§ **TASK BRIEF**
The copy you return must begin at the line containing "編者按》》》眼下,浙江正全力" and end at the final line of the listing below, with every picture left out.
─── DATA FOR THIS TASK ───
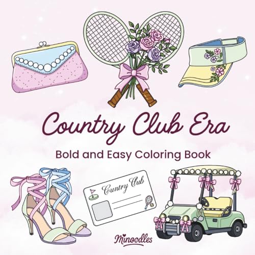 Country Club Era: Bold and easy coloring book of vintage country club fashion, elegant accessories, golf and tennis motifs for relaxation
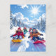 Adorable Christmas postcards you can personalise with your own holiday message. The front is an adorable winter scene with kids sledding gleefully down the hill.
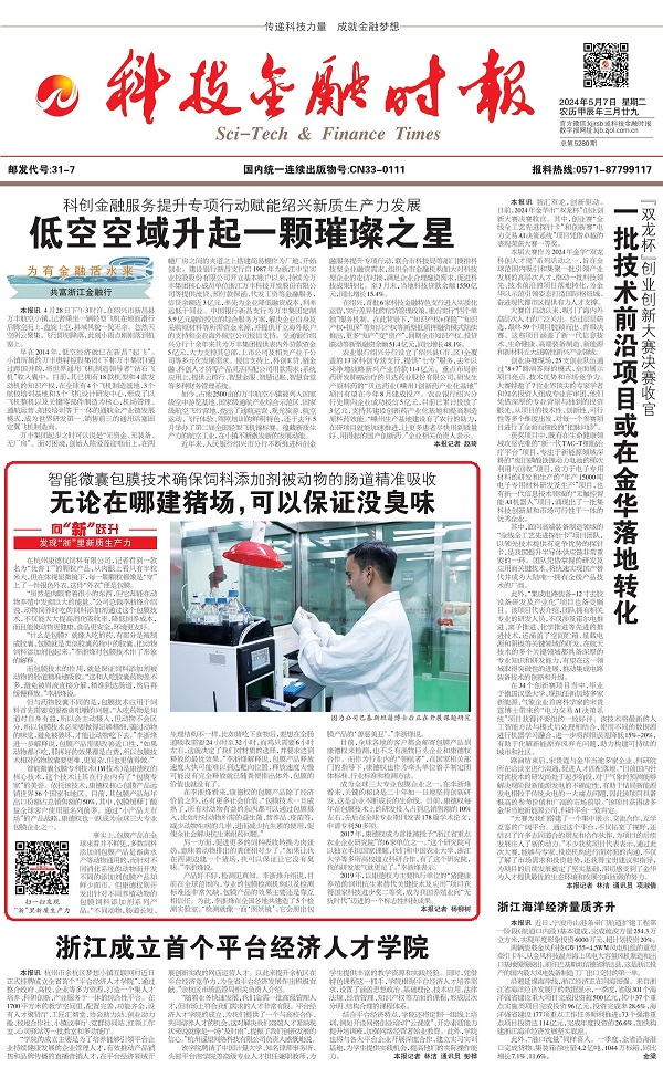 編者按》》》眼下,浙江正全力以赴“在以科技創(chuàng)新塑造發(fā)展新優(yōu)勢上走在前列”,科技金融時報全媒體推出“向‘新’躍升——發(fā)現(xiàn)‘浙’里新質(zhì)生產(chǎn)力”系列報道,深度挖掘一批在發(fā)展新質(zhì)生產(chǎn)力上敢打頭陣、勇當(dāng)先鋒、爭當(dāng)尖兵的典型。
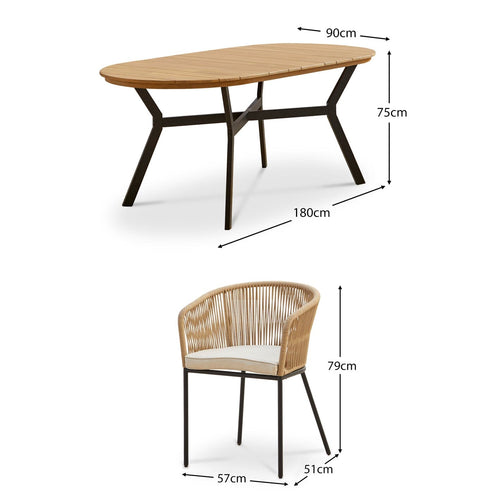 Ezra 6 Seater Oval Wooden Garden Dining Set with 6 Hali Natural Rope Chairs
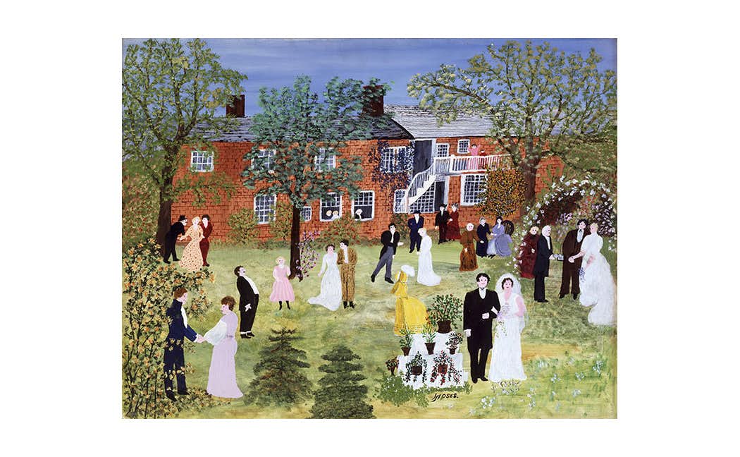 その作品を偶然、村を訪れたコレクターが目にし、80歳の時にニューヨークで初個展を開催。身近な出来事や自然への温かなまなざしを感じさせる作風とそのユニークなキャリアで注目され、当時、大恐慌や第2次世界大戦を経験し疲弊していたアメリカの人々の心を癒し、一躍人気作家のひとりとなった。大統領から表彰を受けるなど著名になってからも、モーゼスは変わらず自然や素朴な暮らしを愛し、誠実に生きながら、100歳まで絵を描き続けた。
───
§ **SOLUTION TO THIS PROBLEM**
 編者按》》》眼下,浙江正全力以赴“在以科技創(chuàng)新塑造發(fā)展新優(yōu)勢上走在前列”,科技金融時報全媒體推出“向‘新’躍升——發(fā)現(xiàn)‘浙’里新質(zhì)生產(chǎn)力”系列報道,深度挖掘一批在發(fā)展新質(zhì)生產(chǎn)力上敢打頭陣、勇當(dāng)先鋒、爭當(dāng)尖兵的典型。
 Ezra 6 Seater Oval Wooden Garden Dining Set with 6 Hali Natural Rope Chairs
 その作品を偶然、村を訪れたコレクターが目にし、80歳の時にニューヨークで初個展を開催。身近な出来事や自然への温かなまなざしを感じさせる作風とそのユニークなキャリアで注目され、当時、大恐慌や第2次世界大戦を経験し疲弊していたアメリカの人々の心を癒し、一躍人気作家のひとりとなった。大統領から表彰を受けるなど著名になってからも、モーゼスは変わらず自然や素朴な暮らしを愛し、誠実に生きながら、100歳まで絵を描き続けた。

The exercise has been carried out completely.